Валера смеется, просит почитать еще что-нибудь, и я с удовольствием читаю другие похабства. Засыпаю, лежа на нем, и не замечаю, что он, перед тем, как лечь спать, закрывает окно и укрывает меня пледом.
Утром просыпаюсь один — Валера, как капитан, получает указания от тренера, пока все готовятся. Я тоже собираюсь, иду в зал и пытаюсь концентрироваться только на предстоящей игре. Ловлю взгляд проходящего мимо Валеры и понимаю, что не получается. Отворачиваюсь и ловлю уже другой, колючий и холодный — Дэна. Похоже, он заметил, что какая-то грань между его другом и мной треснула, и это уже не подколы и тупые шуточки в формате подкатов.
Все идет хорошо ровно того момента, пока, принимая пас, Дэн не толкает меня.
— Лось, блять, — говорю я, собираясь встать, но вижу, как в слоу мо, что его нога в белом кроссовке опускается на мою руку и надавливает на нее.
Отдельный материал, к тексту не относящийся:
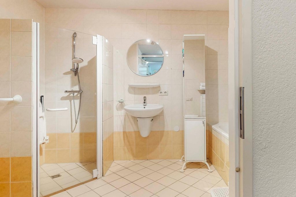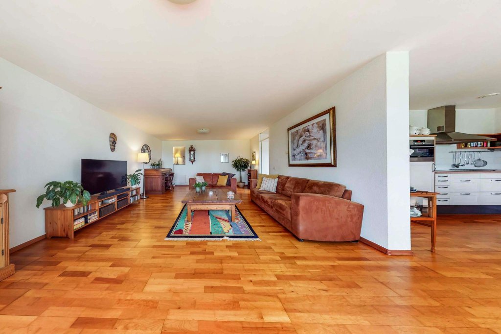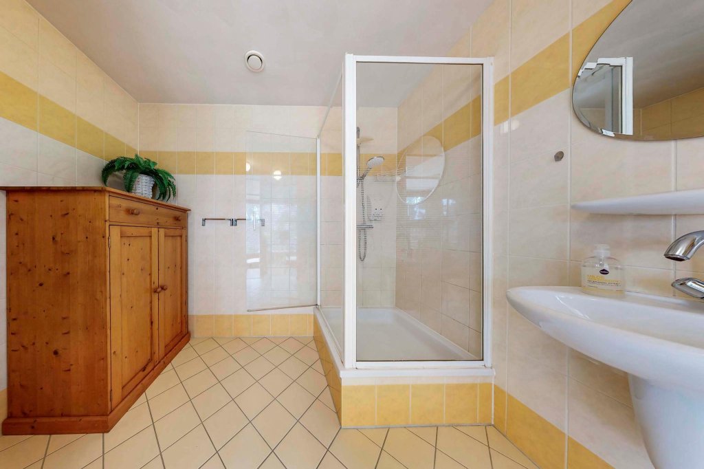 De woonkamer is zeer ruim, terug naar de hal, hier loopt u door naar de enorme ruime slaapkamer van bijna 22m2. De badkamer is voorzien van ligbad, aparte douche en toilet is zeer ruim, alles in fris zacht geel.
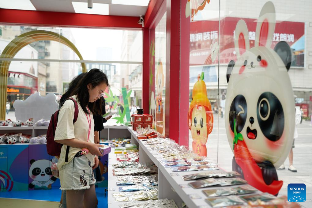 This photo taken on July 8, 2025 shows an official licensed products store for the World Games 2025 in Chengdu, southwest China's Sichuan Province. The Games hit the 30-day countdown mark today and will be held from August 7 to 17. (Xinhua/Xu Bingjie)
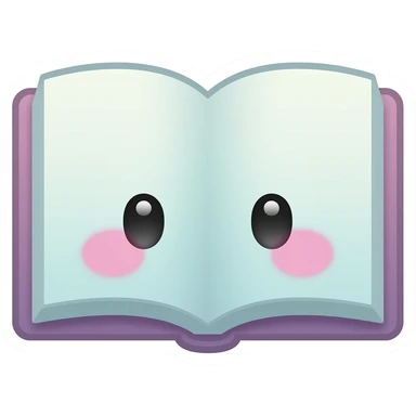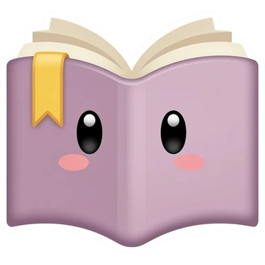 Книга - плоский Стикер дизайн, мультяшная иллюстрация, пастельные цвета, округлые формы, без глаз, без лица, толстый мягкий контур, каваи стиль emoji
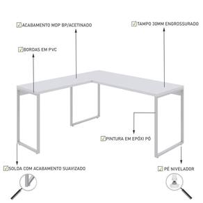 Sobre o ProdutoMesa em L Kuadra Diretor 150X150X75cm Amadeirado / Est.BrancaDescrição do Produto:A Mesa Diretor KUML6150 tem montagem simples e versátil, podendo ser utilizada em composições com a mesa auxiliar no lado esquerdo ou direito, sendo perfeita para fazer parte do seu escritório ou Linha Kuadra tem seu design com inspiração no estilo industrial, que remete muito a decoração usada nos Lofts das grandes metrópoles nos anos 60 e 70. Harmonizando o metal e os tons de madeira, foram projetados móveis versáteis e com estilo, que podem compor ambientes íveis cheios de personalidade, perfeitos para você decorar sua casa ou seu trabalho, tendo um resultado que caminha do estilo rústico ao Inclusos:1 MesaDimensões dos Produtos:Mesa em L Kuadra Diretor 150X150X75cm Amadeirado / 150 x 150 x 75 cmInformações Logísticas (Comp. X Prof. X Alt.) 165 x 64,5 x 10 cm - Peso: 25,741 KgPeso Total: 25,741 KgObservações:Não acompanha acessórios decorativos. Imagens meramente ilustrativas.Informações Técnicas / Características:- Cor do Produto: Amadeirado / - Marca: Compace- Modelo: KUML6150- Linha: Kuadra- Material: Mdp- Material da Estrutura / Pés: Aço- Acabamento: BP Acetinado- Escala de Brilho: Fosco- Fita de Borda: Pvc - Possui Gavetas: Não - Possui Pés: 3- Pés Niveladores: Sim - Acabamento Estrutura: Epóxi-Pó Texturizado- Formato: Em L - Suporta Até (kg): 45 kg- Comprimento: 150cm- Profundidade: 150cm- Altura: 75cm - Peso Lí.: 24,56Kg- Recomendações de Uso, Manutenção e Limpeza: Para a limpeza, utilize flanela seca ou pano macio levemente umedecido em água. Utilize um pano seco em seguida. Evite com produtos químicos e não utilize nenhum tipo de esponja de aço.- Necessita de Montagem: Sim / Acompanha Manual de Montagem- Complexidade da Montagem: Média- Garantia: 6 meses
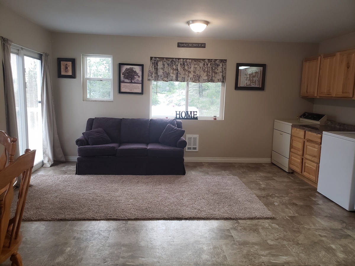 Take it easy at this unique and tranquil getaway. Comfortable and spacious one bedroom, one bath apartment with kitchen and laundry amenities. King size comfortable bed and spacious shower. Beautiful views from every window and your own private deck. Enjoy hiking and exploring on this 40 acre parcel.
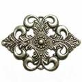 スタンピング 菱型 大 銀古美変形菱型の、やや大きめフィリグリー。上下左右に穴があいているので、コネクターとしても使えそうです。厚みがありますので折り曲げは難しいです。プレス機で型抜きしたままなので、ふちが切りっぱなしです。直に肌に触れる際は、紙ヤスリをかけた方が良いかもしれません。画像のマス目は5mm四方です。大きさの目安にして下さい。パッチン留めは色比較の目安にどうぞ。30mm×41.5mm 厚さ0.85mm
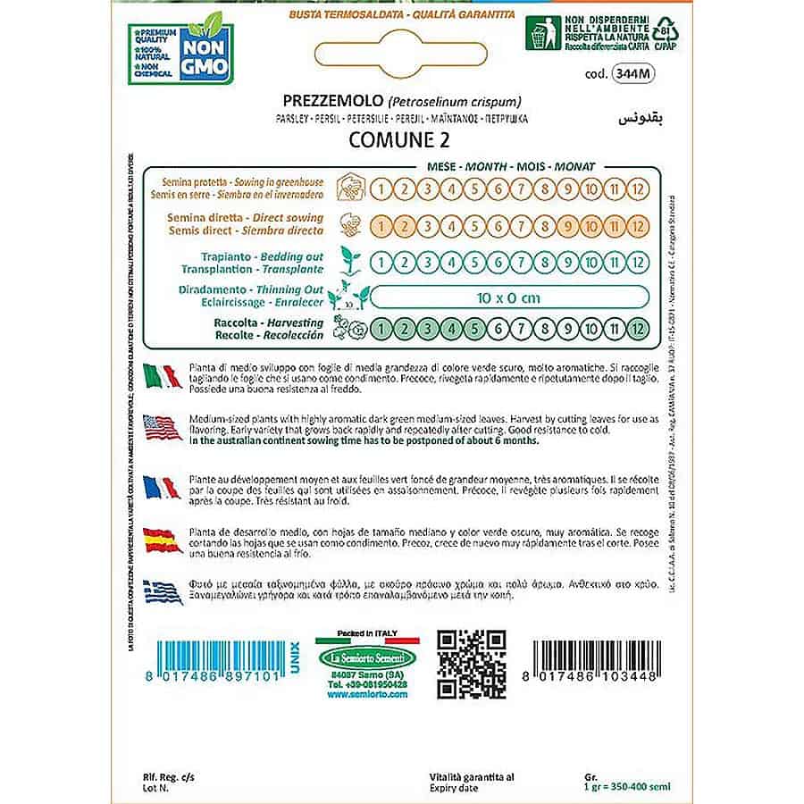 Ο μαϊντανός COMUNE 2 είναι ζωηρό και παραγωγικό φυτό με μεσαία φύλλα, σκούρο πράσινο χρώμα και χαρακτηριστικό άρωμα. Αντέχει σε χαμηλές θερμοκρασίες και μπορεί να συγκομιστεί πολλές φορές χάρη στην ταχεία και επαναλαμβανόμενη ανάπτυξή του. Ιδανική επιλογή για φρέσκο μαϊντανό, μαγειρική, γαρνιτούρες και επεξεργασία.

Сначала я слышу тошнотворный хруст, а потом боль ослепляет поплывшее сознание и я глотаю загустевший воздух, вскидывая голову и сжимая зубы. Не ору, рычу, отстраненно отмечая, что Валера не рассчитал силы удара, потому что Дэн подозрительно долго держится за глаз. Тренер свистит, подзывая замену, но мне уже плевать — с поломанными пальцами я выбываю не только из игры — вообще из команды не меньше, чем на год.
========== 8 ==========
Домой я, психанув, уезжаю в тот же день, когда мне наложили лангетку — вещи в сумку и вперед, на первый рейс, не дожидаясь, когда закончится игра. Валеру, как капитана команды, заменять не стали и не дисквалифицировали, ограничившись двумя заменами — вместо меня и Дэна. На обезболивающих я вполне сносно добираюсь до дома, проспав все время пути, забираю у соседей, что следили за Нефертити, ключи, отключаю телефон и заваливаюсь в кровать. Думать ни о чем не то что не хочется — тупо не получается, все мысли и чувства застывают отеком вокруг сцепленных вместе лангеткой указательного и среднего пальцев. Перелом без смещения, через десять дней повторный рентген, через месяц обычная фиксирующая повязка, через полгода окончательное восстановление. Зашибись. И не подрочить теперь.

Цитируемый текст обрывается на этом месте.